Today, banks can enjoy their explicit or implicit status as being TBTF potentially indefinitely. In contrast, the Minneapolis Plan puts a hard deadline on Treasury: Certify banks as no longer TBTF within five years, or else that bank will see dramatic increases in capital requirements. We believe the threat of these massive increases in capital will provide strong incentives for the largest banks to restructure themselves so that they are no longer systemically important.
Pointer from Mark Thoma. TBTF is, of course, too big to fail.
I endorse this approach. However, instead of the threat consisting of dramatic increases in capital requirements, I think that the threat ought to be to have the Treasury break up the banks. In effect, the government would be saying, “Either you break yourselves up, or we do the break-up for you.” I am confident that every large bank would come up with a divestment plan.

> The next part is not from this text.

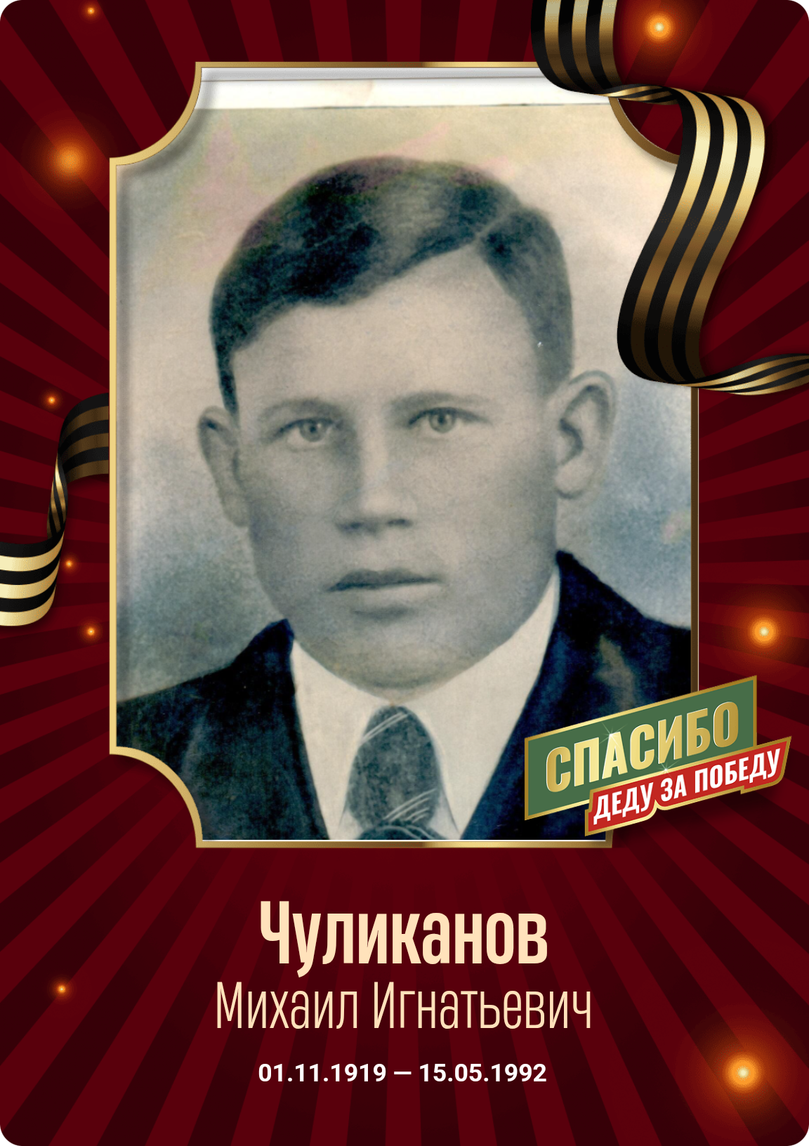 Тема поздравленийДед по отцу, Чуликанов Михаил Игнатьевич, воевал, но боевой путь был короткий. В первом же бою в окоп прилетела мина с миномёта. Ренение в ногу. Пока долставляли в санчасть (волоком под пулями, она далеко была) началась гангрена. Ногу орезали по колено. Госпиталь, комиссовали. Вернулся в деревню Мелекшино. Работал плотником, всю деревню с мужиками (такими же бедолагами и старыми) отстроил.

Keep in mind that the top financial institutions all grew through mergers and acquisitions. It is not as if any of them just naturally grew larger because of some unique ability to serve customers. As a result of these agglomerations, the largest institutions are too complex to be managed effectively. My guess is that breaking them into “smaller” units (I put smaller in quotes, because even after divestment these institutions would still be gigantic on a world historical scale) would not result in a large loss in total market value. It might very well result in an increase.
I should emphasize that smaller institutions are not necessarily less risky financially. But when they do fail, there are many feasible alternatives to bailouts. When a financial giant is about to fall, no Treasury Secretary can sleep at night unless there is a bailout.

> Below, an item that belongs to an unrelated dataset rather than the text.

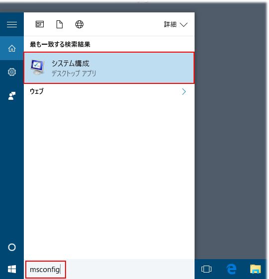 タスクバーの検索ボックスに「msconfig」と入力し、検索結果に表示された「システム構成」をクリックします。

A lot of the reason they are so large is from taking over smaller failing banks though and if it becomes problematic for them to do so the options for dealing with those smaller banks shrink. This is an endless struggle.
Canada has five TBTF banks that never have. A little more paternalistic but healthier.
There is no need to wait five years to increase capital requirements — define some threshold size on “financial institutions” ($50 billion in revenue?) (Citygroup reported $76 bln in 2015), and require 1% more capital to all such institutions. Then in the next year, down to $45 bln, with another 1% more (now 2%) required than those below the max. Keep increasing capital requirements for the “largest” firms, until some final “maximum size of failure” is achieved (maybe $10 bln).
Dodd-Frank can also be repealed once the capital increase requirement is enacted, and should be.
The financial services available to potential customers will be more variable, lower cost, and lower risk, than what is now available.
Nice job of picking the regulation you think will not increase costs to consumers due to the government, while picking the regulation you think does increase costs to consumers due the government.
I’d watch that whiplash if I were you.
Wouldn’t all the smaller banks just fail at the same time, thus necessitating a bailout? We know their lending behaviors are highly correlated and subject to the same systemic risk factors. To me this only makes sense if individual banks somehow become less-correlated.
This is a terrible approach that relies on the regulators being able to pre-emptively identify TBTF. The most likely outcome is that regulators would set a series of criteria that the banks would contort themselves around, and then went he next crisis came it would be shaped by those very contortions and now the largest banks all look TBTF again (or some other new term, critically entangled or whatnot) and there would be another bailout and new set of regulations.
If you want banks to be run more safely, give the managers a structural incentive.
One of the largest voices for safety in the airline industry are the pilots’ and flight attendants’ unions, because when a plane goes down, their members go down with it. It’s like the old joke about the pig’s and the chicken’s role in making breakfast: the hen is involved, but the pig is committed. Bank directors and executives need to be committed, but today they’re involved. Dick Fuld’s bank was actually allowed to fail, but even he still walked away with a net worth well into the tens of millions.
The more I think about it, the more I feel like the need for a bailout ought to be treated as being on par with cheating investors or embezzling company funds. If the government can prove beyond a reasonable doubt that you did not disclose relevant risks to investors and regulators, then you are guilty of fraud. You should do time and be barred from working in a regulated financial institution for a decade or two.
Please explain why large banks are so bad? If fact, I wonder if these ideas hurt consumers as the growth of large banks since 2010 has been ‘organic growth’ for the most part. (Yes, the growth from 1981 to 2009 was merger and buyout but that is true with a lot of industries.) My guess most people bank with somebody large because of some as simple as convenience (Our family does as Wells Fargo has the most ATMs in the area.) Unfortunately, banking is becoming more ‘utility’ like in my mind.
I know people love the idea of local banking but the Savings & Loans closed down for economic reasons.
Focusing on banks just shift the risk to something that isn’t a bank. See, e.g., AIG.
The answer has to be to stop pretending that a bank deposit is risk-free, and abolish the FDIC. The Federal Reserve can continue being the bank of last resort for illiquid but solvent banks. Then we can start talking about how to handle insolvent financial institutions without the threat of a bailout being part of the picture.